(Data records)
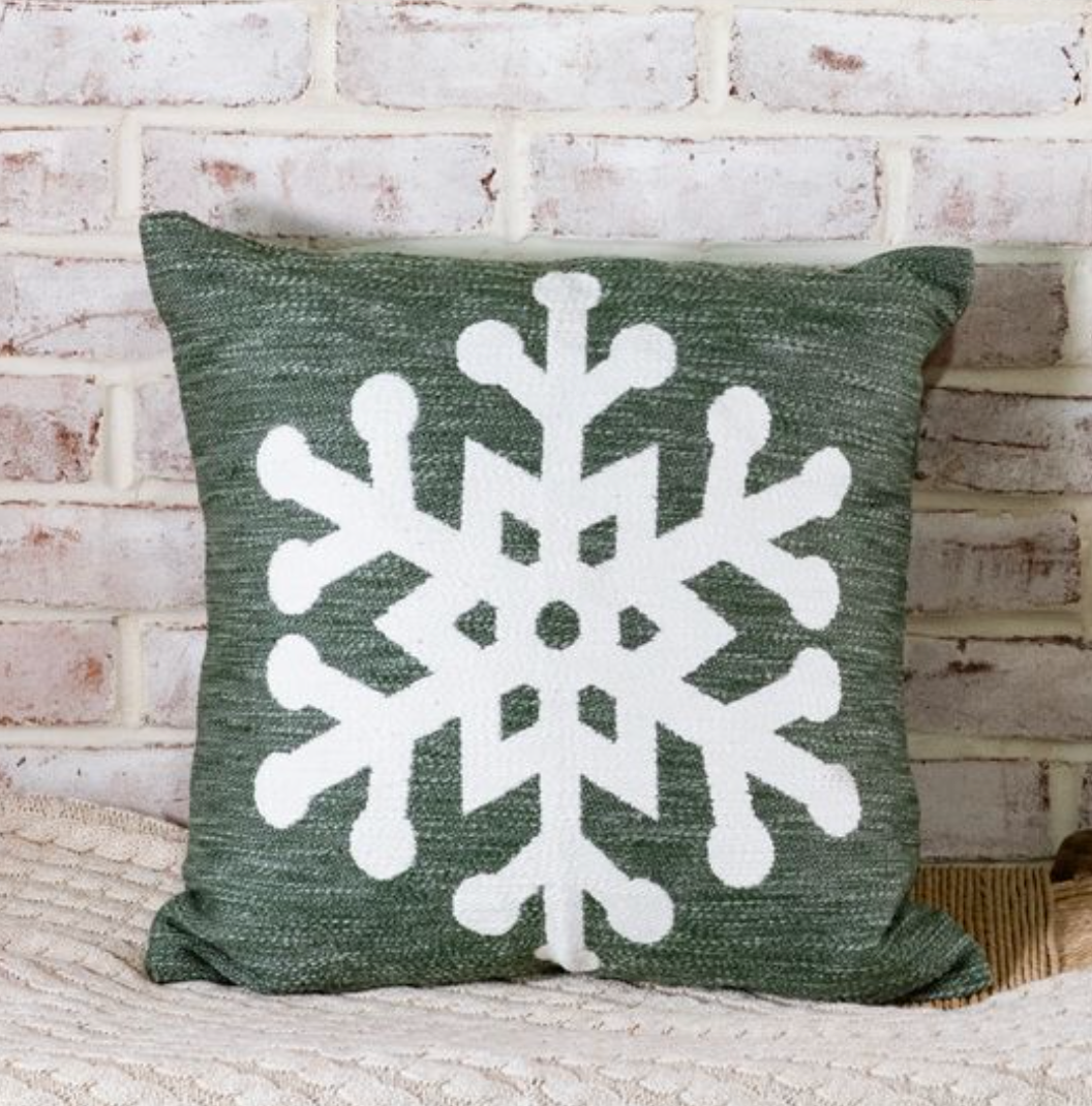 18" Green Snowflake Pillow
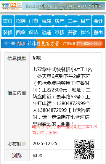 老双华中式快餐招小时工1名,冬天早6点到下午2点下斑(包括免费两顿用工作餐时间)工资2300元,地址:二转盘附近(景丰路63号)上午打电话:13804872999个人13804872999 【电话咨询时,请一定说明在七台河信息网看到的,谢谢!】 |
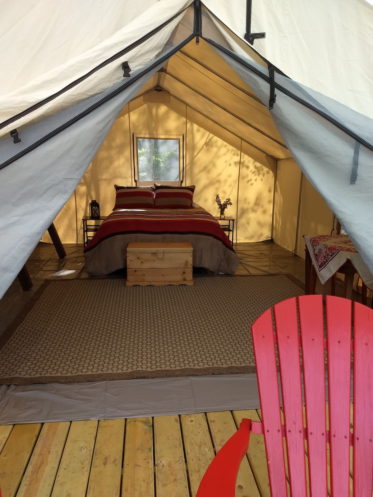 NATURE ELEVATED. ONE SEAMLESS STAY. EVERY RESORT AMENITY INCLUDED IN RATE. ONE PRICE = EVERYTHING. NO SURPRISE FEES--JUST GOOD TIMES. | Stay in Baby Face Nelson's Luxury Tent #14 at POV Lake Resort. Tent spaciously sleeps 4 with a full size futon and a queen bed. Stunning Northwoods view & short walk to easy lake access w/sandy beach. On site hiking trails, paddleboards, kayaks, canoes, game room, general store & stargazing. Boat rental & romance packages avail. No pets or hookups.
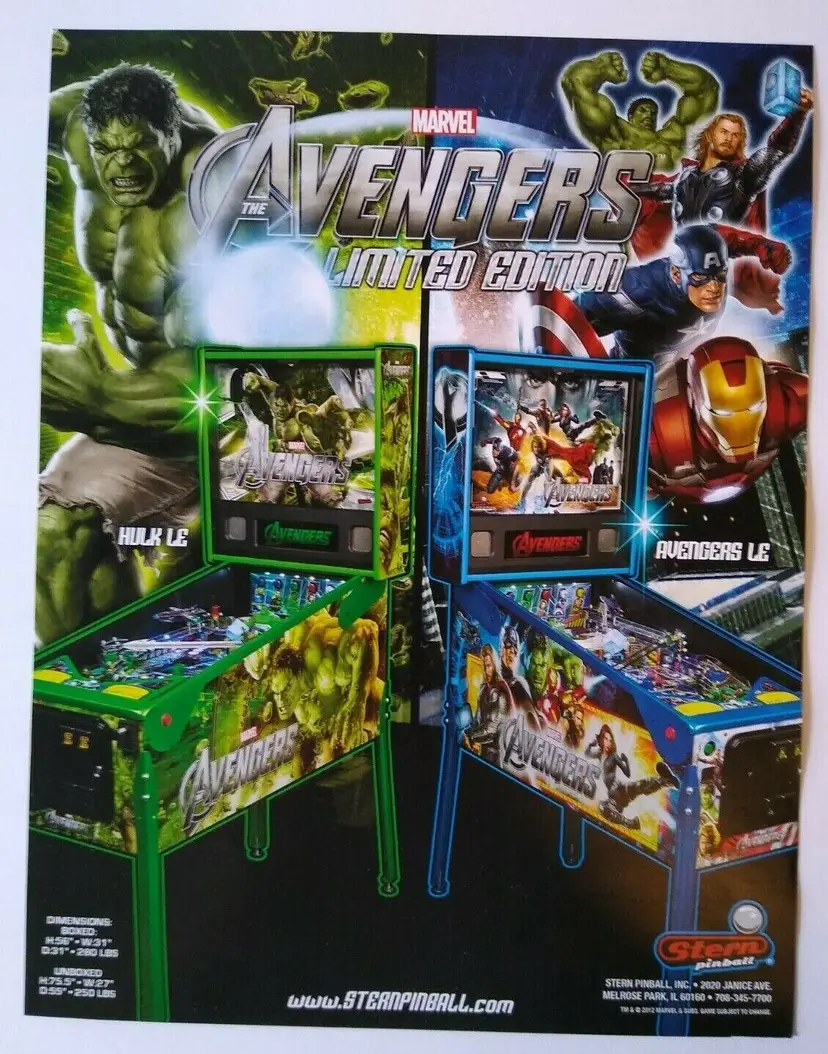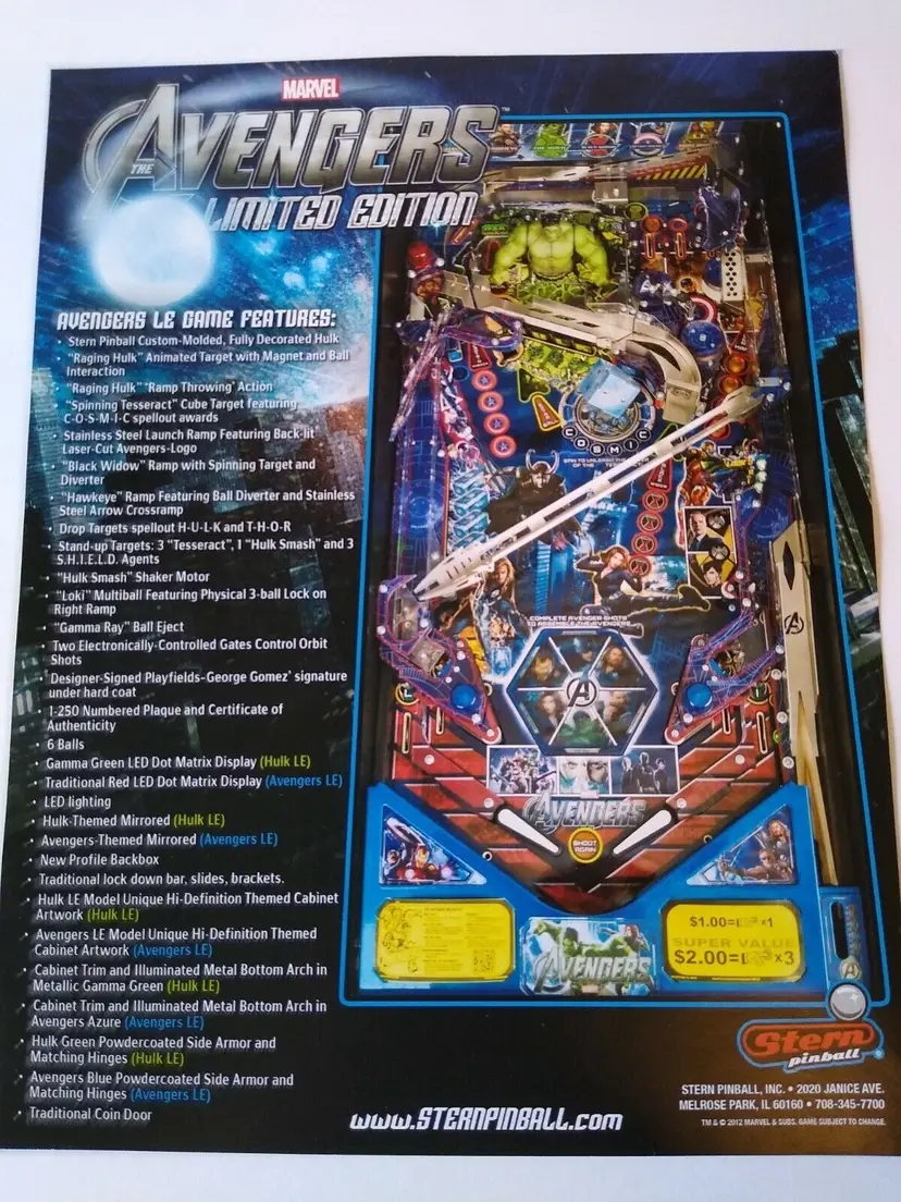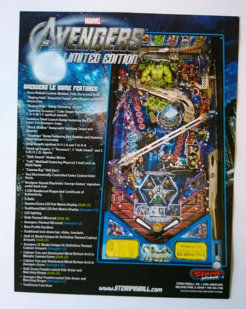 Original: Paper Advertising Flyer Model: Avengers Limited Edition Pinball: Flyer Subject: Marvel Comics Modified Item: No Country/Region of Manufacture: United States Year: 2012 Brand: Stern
---
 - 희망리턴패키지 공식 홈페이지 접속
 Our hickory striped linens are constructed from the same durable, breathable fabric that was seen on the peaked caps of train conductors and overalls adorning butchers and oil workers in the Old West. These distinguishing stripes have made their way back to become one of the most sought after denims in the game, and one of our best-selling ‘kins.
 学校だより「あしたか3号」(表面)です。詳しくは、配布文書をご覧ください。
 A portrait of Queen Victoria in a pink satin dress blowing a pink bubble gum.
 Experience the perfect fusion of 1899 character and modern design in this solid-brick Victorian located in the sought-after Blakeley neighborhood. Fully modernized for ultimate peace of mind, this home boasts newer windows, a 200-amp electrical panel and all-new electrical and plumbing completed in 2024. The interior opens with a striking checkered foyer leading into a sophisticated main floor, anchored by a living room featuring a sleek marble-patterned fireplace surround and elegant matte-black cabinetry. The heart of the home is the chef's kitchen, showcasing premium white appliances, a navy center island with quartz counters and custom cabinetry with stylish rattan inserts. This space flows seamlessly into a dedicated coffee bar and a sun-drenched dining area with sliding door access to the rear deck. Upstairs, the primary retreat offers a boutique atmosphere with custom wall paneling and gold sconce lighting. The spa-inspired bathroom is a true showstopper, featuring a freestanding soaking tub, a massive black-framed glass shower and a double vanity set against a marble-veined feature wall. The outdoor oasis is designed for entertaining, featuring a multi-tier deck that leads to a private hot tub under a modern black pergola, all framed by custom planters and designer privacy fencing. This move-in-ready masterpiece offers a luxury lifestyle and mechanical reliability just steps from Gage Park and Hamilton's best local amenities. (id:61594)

(Exercise details) Above are entries with pictures among them. Write out exactly the lines from the one containing "Green Snowflake Pillow" through the one containing "Original: Paper Advertising", ends included, and leave those pictures out.

(Task solution)
 18" Green Snowflake Pillow
 老双华中式快餐招小时工1名,冬天早6点到下午2点下斑(包括免费两顿用工作餐时间)工资2300元,地址:二转盘附近(景丰路63号)上午打电话:13804872999个人13804872999 【电话咨询时,请一定说明在七台河信息网看到的,谢谢!】 |
 NATURE ELEVATED. ONE SEAMLESS STAY. EVERY RESORT AMENITY INCLUDED IN RATE. ONE PRICE = EVERYTHING. NO SURPRISE FEES--JUST GOOD TIMES. | Stay in Baby Face Nelson's Luxury Tent #14 at POV Lake Resort. Tent spaciously sleeps 4 with a full size futon and a queen bed. Stunning Northwoods view & short walk to easy lake access w/sandy beach. On site hiking trails, paddleboards, kayaks, canoes, game room, general store & stargazing. Boat rental & romance packages avail. No pets or hookups.
 Original: Paper Advertising Flyer Model: Avengers Limited Edition Pinball: Flyer Subject: Marvel Comics Modified Item: No Country/Region of Manufacture: United States Year: 2012 Brand: Stern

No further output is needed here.